3. um fotógrafo não cria a cena de sua arte. ele tem a sensibilidade de captar com suas lentes o momento, o gesto, a expressão, a luz – a poesia. a poça, o café, a paisagem, a criança, o engravatado, são todos ready-made.

4. como o fotógrafo, o poeta alheio tem ao seu redor as paisagens dos textos e, em sua leitura, a sensibilidade para captar a imagem poética. ele apenas a enquadra em versos, dá, se necessário, o foco com sua pontuação e, finalmente, sugere ou explicita a imagem com um título.

5. a idéia da poesia criada, da poesia-inovação, não é apenas um preconceito – é um preconceito moderno. a antigüidade sempre reconheceu a mimesis como poiesis. não há imitação sem criação. todos os grandes épicos foram criados sobre outros textos, recriação de tradições orais ou de outros épicos.

6. a poesia alheia traz em seu bojo a superação do conceito moderno de originalidade. os gregos atribuíam a um indivíduo – homero – a autoria de textos que hoje são considerados obra de todo um povo, e foi só a partir dos helenísticos que se enraizou a necessidade de destaque do autor concreto de uma obra. hoje indivíduo e originalidade parecem ser elementos indissociáveis do conceito de autoria, daí a denúncia feita pela poesia alheia.

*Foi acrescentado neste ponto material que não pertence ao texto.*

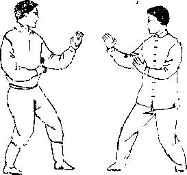,乙方身体后坐以避,并?左竽收回变招,从中间下、向左 搂拨开甲之右拳.上左脚、工右乎变拳由上至下从中以“搂膝 栽捶”式栽捶打击甲之腹部和裆部.甲立即行坐以避[(图

7. a poesia alheia surge como um movimento literário pós-moderno, fundado na superação do indivíduo autônomo burguês, também conhecido como moderno – ficção romântica calcada no culto ao gênio, na busca de metanarrativas totalizantes, de verdades abstratas e valores universais. para isso vieram com a bravata da “originalidade” e da “novidade”.

8. a poesia alheia não se pretende um ismo, ou um ismo a mais: ela se afirma como poesia alheia, e não como alheinismo, e seus poetas, alheios e não alienistas.

9. o poeta alheio não cria as formas da poesia que faz – o poeta alheio é aquele que identifica/localiza a poesia existente. todo poeta deve ser mais fabulador do que versificador, porque ele é poeta pela imitação e porque imita.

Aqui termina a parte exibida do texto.